(EXCERPTED RECORDS begins)

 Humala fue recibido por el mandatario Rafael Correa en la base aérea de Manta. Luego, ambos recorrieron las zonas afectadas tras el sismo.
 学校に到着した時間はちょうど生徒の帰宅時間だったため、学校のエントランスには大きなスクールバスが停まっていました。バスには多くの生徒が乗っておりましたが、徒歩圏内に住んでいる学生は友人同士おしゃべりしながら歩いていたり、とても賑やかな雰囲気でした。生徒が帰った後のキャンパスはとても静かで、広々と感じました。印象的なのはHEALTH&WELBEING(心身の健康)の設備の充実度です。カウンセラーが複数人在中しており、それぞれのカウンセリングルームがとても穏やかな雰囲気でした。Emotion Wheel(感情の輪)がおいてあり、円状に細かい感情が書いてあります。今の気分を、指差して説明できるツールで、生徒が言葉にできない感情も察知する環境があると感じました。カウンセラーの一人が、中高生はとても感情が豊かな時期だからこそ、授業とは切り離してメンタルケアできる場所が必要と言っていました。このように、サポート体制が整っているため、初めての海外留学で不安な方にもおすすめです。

(EXCERPTED RECORDS ends)
(EXCERPTED RECORDS begins)

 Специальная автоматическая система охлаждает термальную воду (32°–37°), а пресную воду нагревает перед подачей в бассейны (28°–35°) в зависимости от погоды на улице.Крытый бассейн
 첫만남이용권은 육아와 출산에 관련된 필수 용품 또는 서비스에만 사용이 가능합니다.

(EXCERPTED RECORDS ends)
(EXCERPTED RECORDS begins)

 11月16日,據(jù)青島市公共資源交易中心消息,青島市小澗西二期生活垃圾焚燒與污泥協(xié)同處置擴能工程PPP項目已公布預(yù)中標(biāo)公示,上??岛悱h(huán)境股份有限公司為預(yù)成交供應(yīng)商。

(EXCERPTED RECORDS ends)

◆ YOUR OBJECTIVE
Copy the lines of the data above exactly as written, beginning with the line containing "Humala fue recibido" and ending with the line containing "学校に到着した時間はちょうど", and leave out all other lines.

◆ ANSWER TO THIS PROBLEM
 Humala fue recibido por el mandatario Rafael Correa en la base aérea de Manta. Luego, ambos recorrieron las zonas afectadas tras el sismo.
 学校に到着した時間はちょうど生徒の帰宅時間だったため、学校のエントランスには大きなスクールバスが停まっていました。バスには多くの生徒が乗っておりましたが、徒歩圏内に住んでいる学生は友人同士おしゃべりしながら歩いていたり、とても賑やかな雰囲気でした。生徒が帰った後のキャンパスはとても静かで、広々と感じました。印象的なのはHEALTH&WELBEING(心身の健康)の設備の充実度です。カウンセラーが複数人在中しており、それぞれのカウンセリングルームがとても穏やかな雰囲気でした。Emotion Wheel(感情の輪)がおいてあり、円状に細かい感情が書いてあります。今の気分を、指差して説明できるツールで、生徒が言葉にできない感情も察知する環境があると感じました。カウンセラーの一人が、中高生はとても感情が豊かな時期だからこそ、授業とは切り離してメンタルケアできる場所が必要と言っていました。このように、サポート体制が整っているため、初めての海外留学で不安な方にもおすすめです。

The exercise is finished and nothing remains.